Small World: A voice from Tehran

Henry Precht

Henry Precht

By Henry Precht

BN Columnist

Recently, a journalist from Tehran — call him Sreza — out of the blue e-mailed me with a series of questions for his news agency. I responded with the diplomatic blah I had learned in the State Department. In return, I asked him to give me his opinion on subjects of interest in the U.S.-Iran context.

Here follows his answers, with the language slightly touched up for stylistic reasons:

  1. If the nuclear agreement with Iran is successfully completed, what expectations do Iranians have for their country afterward?

Sreza: The people want better economic situation and financial trade with main countries. To develop the nation’s infrastructure. And a decline in the cost of living.

  1. What are the sources of the tensions between Iran and Saudi Arabia?

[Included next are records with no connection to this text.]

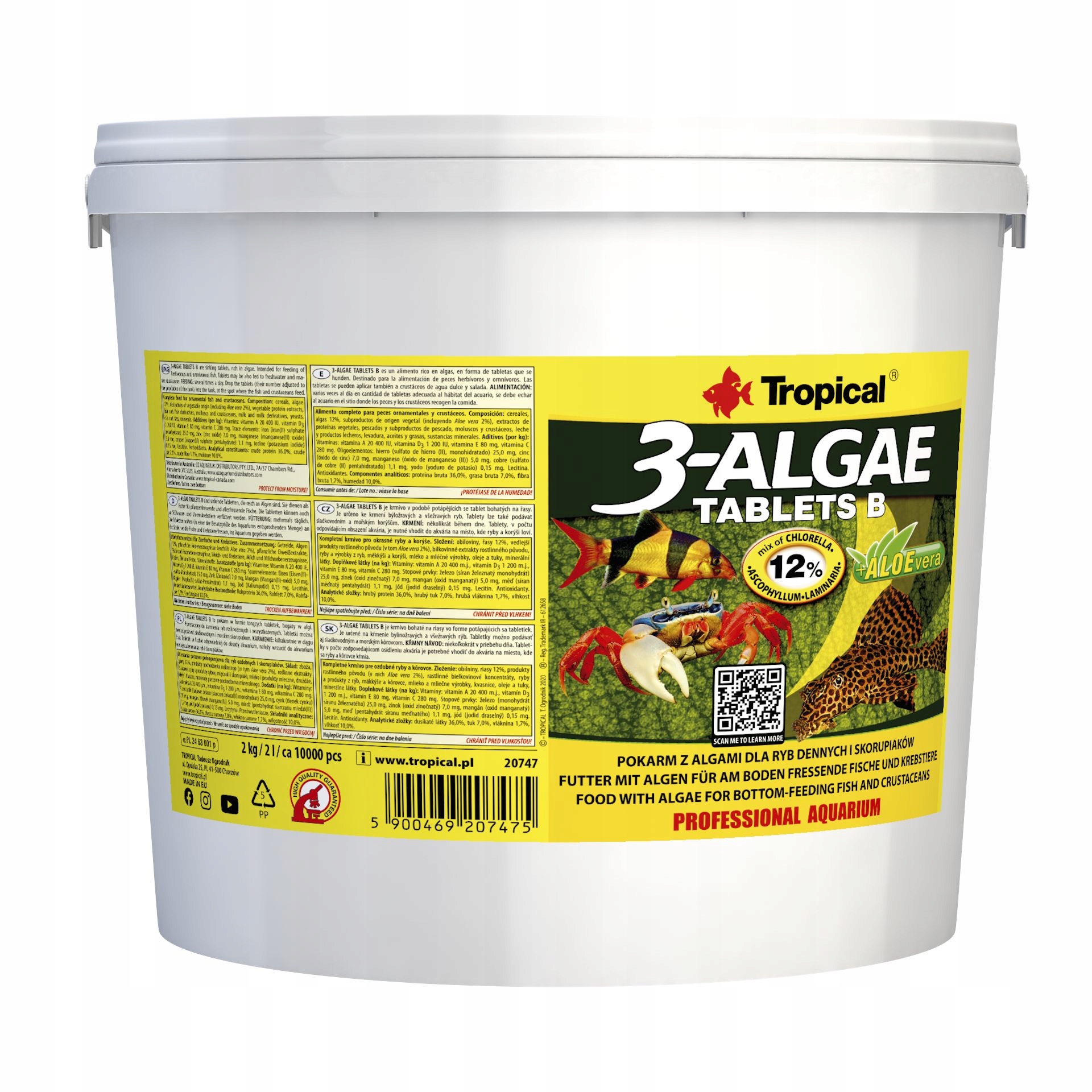 Предназначен для ежедневного кормления пресноводных и морских травоядных рыб, для которых водоросли являются важным компонентом рациона, а для всеядных рыб - в качестве прикорма. Таблетки 3-Algae Tablet B содержат три водоросли: хлореллу (Chlorella vulgaris), Ascophyllum nodosum и Laminaria digitata, известную как ламинария. Ненасыщенные жирные кислоты, белок (богатый экзогенными аминокислотами) и витамины, содержащиеся в хлорелле, а также микро- и макроэлементы из ламинарии (в том числе йод, хром, селен и железо) обеспечивают отличное состояние, интенсивный рост и жизнеспособность рыб. Рыбы, которых регулярно кормят 3-Algae Tablets B, получают большую дозу хлорофилла – зеленого красителя, концентрированным источником которого является хлорелла. Хлорофилл ограничивает рост нежелательных бактерий в пищеварительном тракте, предотвращая воспаление, а вместе с цеолитом способствует выведению токсинов из организма рыб. Экстракт алоэ поддерживает иммунную систему рыб и способствует развитию правильной бактериальной флоры в пищеварительном тракте. Благодаря своим укрепляющим свойствам этот корм рекомендуется для кормления рыб во время карантина, акклиматизации и выздоровления.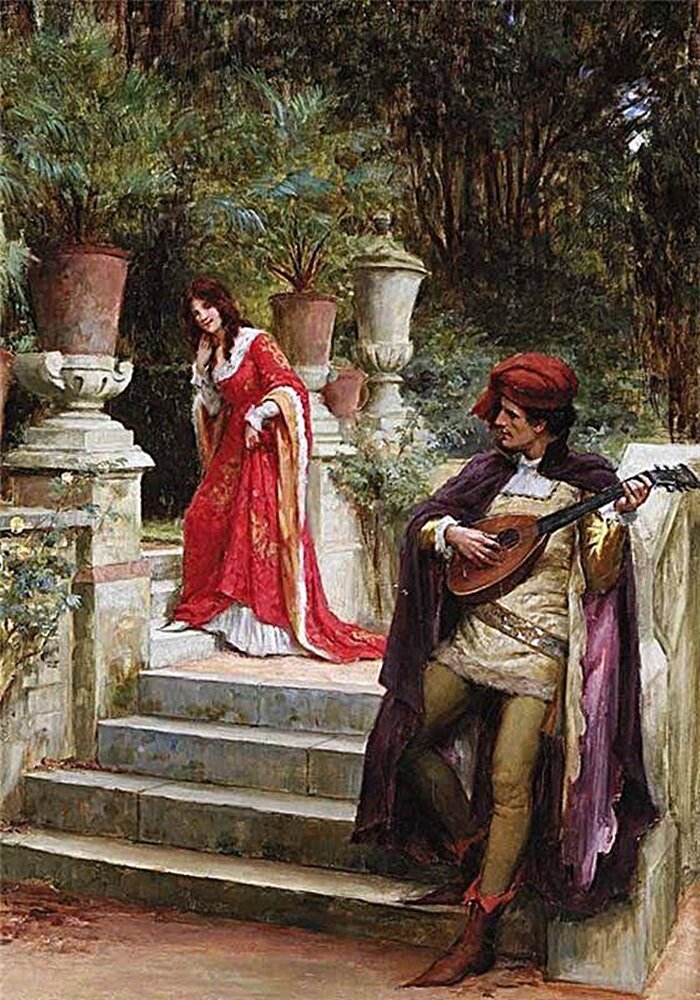 Трубадуры и менестрели песни об изящных чувствах слагали, доводя придворных до сентиментальных слез и исступления. Причем и сами поклонением Прекрасной Даме не брезговали - дрожали от любви, бледнели и лишались сна. Церковь такое дело осуждала, мол, грех это чужую супругу вожделеть, и дрожать можно только в честь Девы Марии. Зато дамы приветствовали, не возражали, да и с чего бы. Выдадут их в несознательном возрасте за какого-нибудь мужлана корягоподобного и что? Терпеть прикажете? Терпели, само собой, но поклонникам выражать себя позволяли. Кому ж не будет приятно, когда про тебя то песнь сочинят, то глазом на турнире пожертвуют. И при этом, обходительно. Красота! Хотя, случались жертвы и посерьезнее.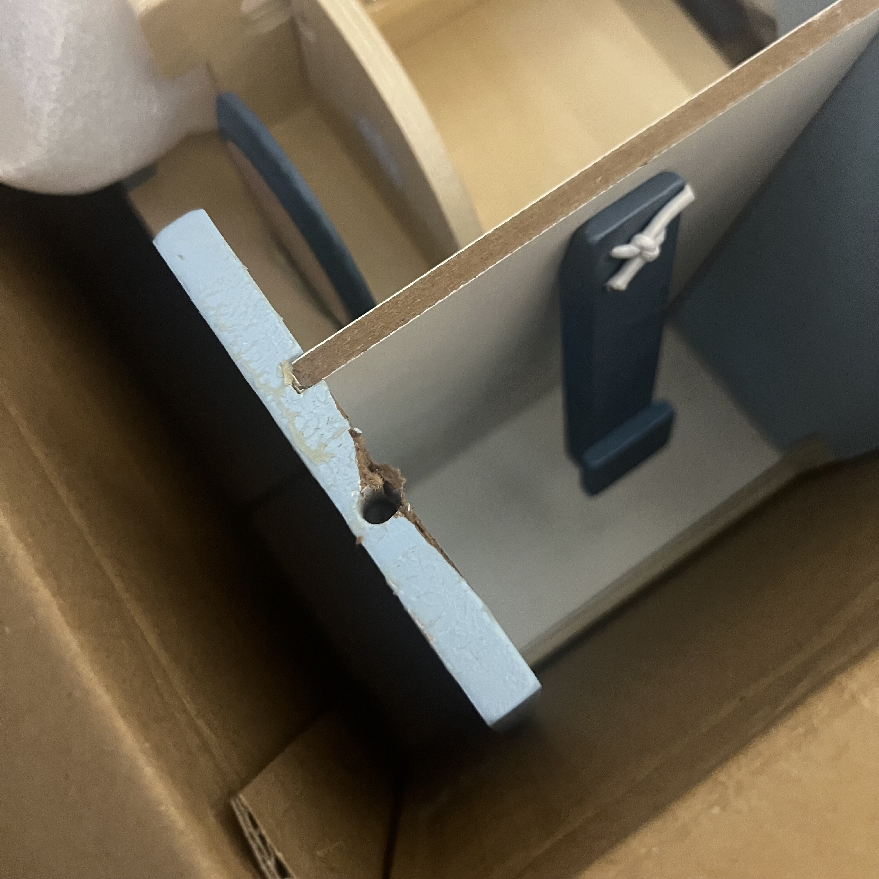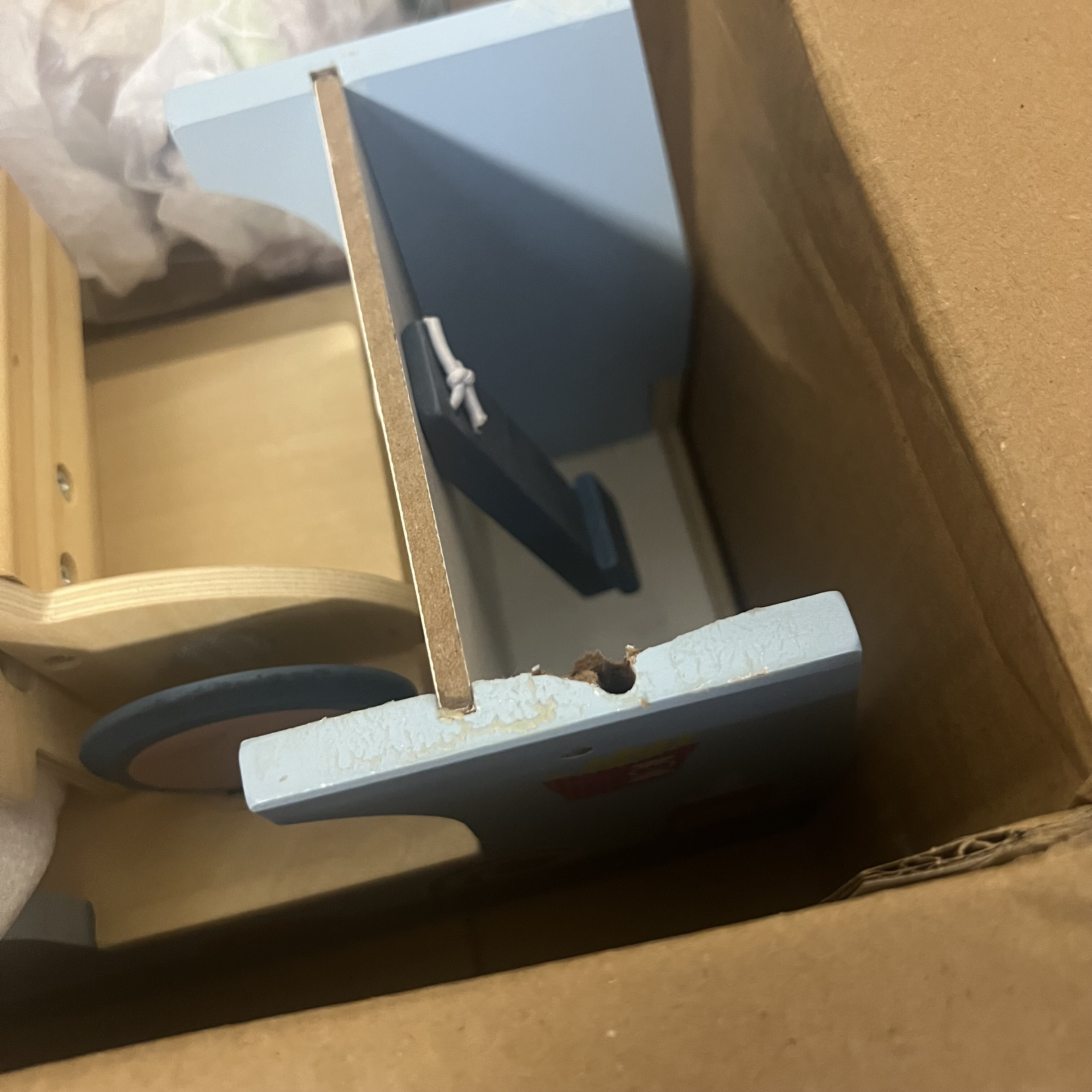 Jucărie cu elemente laterale rupte care leagă partea superioară și inferioară. Pentru reparații de tip DIY.

Sreza: Bad behavior of Saudi Arabia against Iran. She thinks that she is the best in the region and all the people of the country love her. They just depend on petro dollar. Of course, this is a cold tension. Iran has tried several times to have better relations with the Saudis but the rulers of that country ignored. Another important point is the previous and current proxy war between Tehran and Riyadh. Saudi Arabia is against Shia, too. This is another important thing.

  1. What realistic outcome would Iran like to see in Syria?

Sreza: Preserving the current government and restoring the peace for the people because Syria is the key front for Iran against Iran’s biggest enemy, Israel.

  1. How serious a threat to Iran is ISIS and how do you believe it should be addressed?

Sreza: I don’t believe ISIS is a serious threat. It is too weak to threaten Tehran. The ISIS way of battle is based on asymmetric wars and Iran is the master of that, too. It can never come near to our borders. The only threat of ISIS is likely terrorist attacks — something we had at the beginning of our revolution.

  1. Is there any hope for an improvement in Iranian-Israeli relations? What would it take to achieve reduced tensions?

Sreza: Never. It is a very far reach to improvement in Iran-Israel relation. We are “miles” away from each other. Remember they hate us and so do we. Iran and Israel have widely different political perspectives. Iran does not recognize Israel as a government. This is a doctrine of Iran’s foreign policy, one of the pillars in Iran’s external policy. The West, especially the United States, mustn’t wait for any possible shift in Iran’s foreign policy in this regard.

  1. Do Iranians regret the holding of American embassy hostages? Is there any thought of trying to heal that wound?

Sreza: May be. But the USA has very bad record against Iran, especially at the beginning of the revolution. There were lots of papers and classified documents, special tools for spying. The United States tried to have contact with anti-revolutionary figures inside and outside the country. If the U.S. government shows us better signs and try to reshape a better relationship based on mutual respect and not impede our prosperity, and not interfere in Iran’s internal affairs, we would see better days that may be coming.

Sreza:  I have a question. What have you lost in Iran? Is it so important for you to have an embassy in Iran like other countries or do you want to reach here just to make a color revolution and regime change?

HP: We want a normal relationship based on mutual respect and noninterference.

Sreza: It takes a long time to establish political trust between Tehran and Washington. If Iran sees pressure on itself from the U.S. government — such as the latest about the U.S. Treasury Department blacklisting an Iranian airline — it cannot be considered as good will at all.

HP Note: I suspect many of the Tehran regime supporters (whether ideological or salaried) would agree with these answers. There are, of course, others to the hard-line right as well as to the liberal left among Iranians. The latter, who elected President Rouhani, are probably stronger.

Henry Precht is a retired Foreign Service Officer.